While augmented reality may sound a little too high tech for yachts, there are augmented reality systems available for marine navigation. One company that has taken just such an approach is LookSea in Wiscasset, Maine, with a product called LookSea Pro. The system consists of a video camera, a computer, a display monitor, a heading source and a GPS position input. The video camera records the scene and sends that to the central computer, which also knows the boat's heading and position. The computer lays down virtual images of buoys and a course to steer in highway view (complete with "guardrails") along with other navigational aids and hazards. In clear weather, LookSea users see the video image of the water before them with the virtual highway superimposed. In foggy weather, the video camera displays a featureless gray image. The LookSea system, however, knows the boat's heading and position on an electronic chart and so shows the same highway view with course to steer and navigational information displayed. In the case of fog the vessel operator steers the highway course into the fog. Of course, in such a situation you might want to slow down and consult your radar. Any vessels you run into in the fog are unlikely to be of the virtual kind.

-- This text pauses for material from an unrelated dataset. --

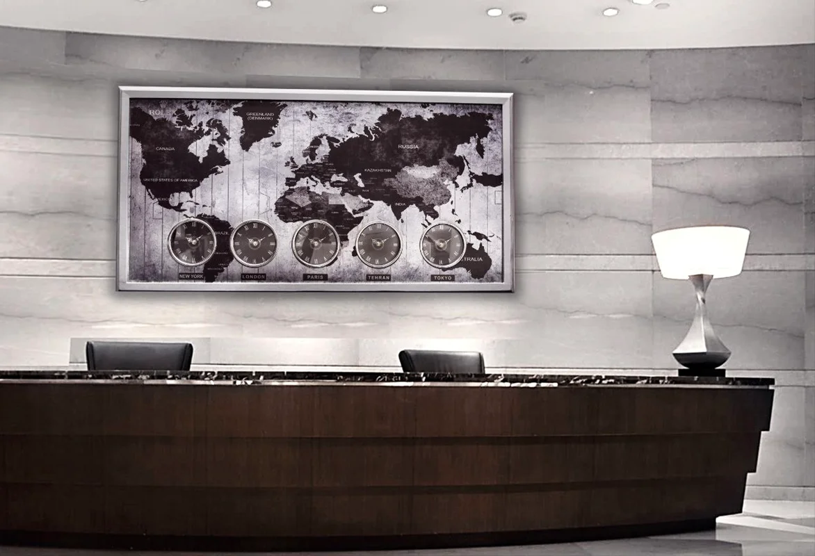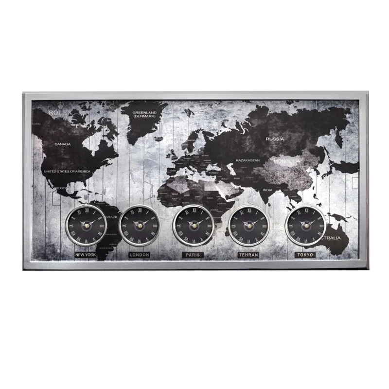 تابلو ساعت رولکس جهان نما کد 10سیلور از جنس تلفیقی چوب و PVC با 5 موتور تایوانی درجه یک و ضمانت 6 ساله شرکتی است . قاب ، صفحه ، اعداد و عقربه این محصول رنگ سیلور و پس زمینه رنگ تلفیقی سیلور و مشکی مات می باشد که به 5 زمان مختلف ( نیویورک ، لندن ، پاریس ، تهران ، توکیو ) قابلیت تنظیم دارد و جزو خاص ترین ساعت های دیواری کالکشن گالری عاج می باشد .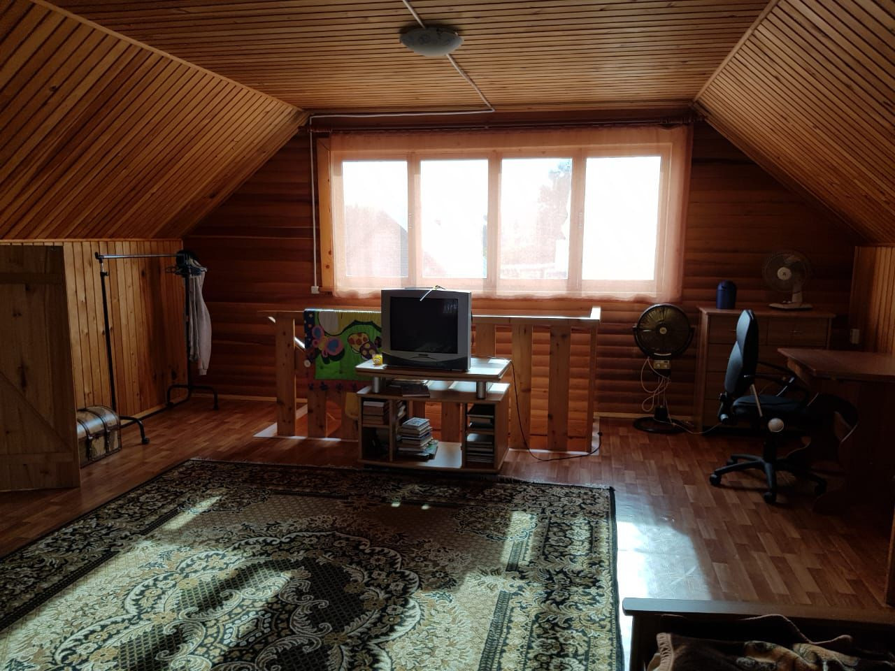 На первом этаже две комнаты и кухня. На втором одна большая свободной планировки.

This ability of virtual buoys to assist real buoys in a high-traffic zone like the Straits of Malacca is just one way to use virtual buoys. Another virtual buoy idea that has been discussed by the world's coast guards and hydrographic offices is using virtual buoys to save money. Poor maritime nations are often hard pressed to maintan floating aids. Even for wealthy nations like the U.S. and the U.K., the cost of buoy purchase, deployment, recovery and repair is substantial. Maritime agencies may be keen on the prospect of replacing expensive real buoys with cheap virtual ones.
Even though the Coast Guard is working on the E-nav standard, there is no plan right now to move toward virtual aids to navigation. "I have a lot of faith in floating hardware," said the Coast Guard's Sollosi. And he stresses that his office's work on E-nav is just beginning. "We are in the experimental stage," Sollosi said. "Before we ever deploy virtual aids, we will do a lot of simulation and testing in a very controlled environment."
So while virtual aids might save money, such a move would require that all mariners have an electronic system to see navigational aids. For those hardy souls who eschew electronic navigation, the waters of the world would return to a time when there were no buoys and a navigator, armed with a good lead line, a stout hull and a dash of courage, was largely on his own.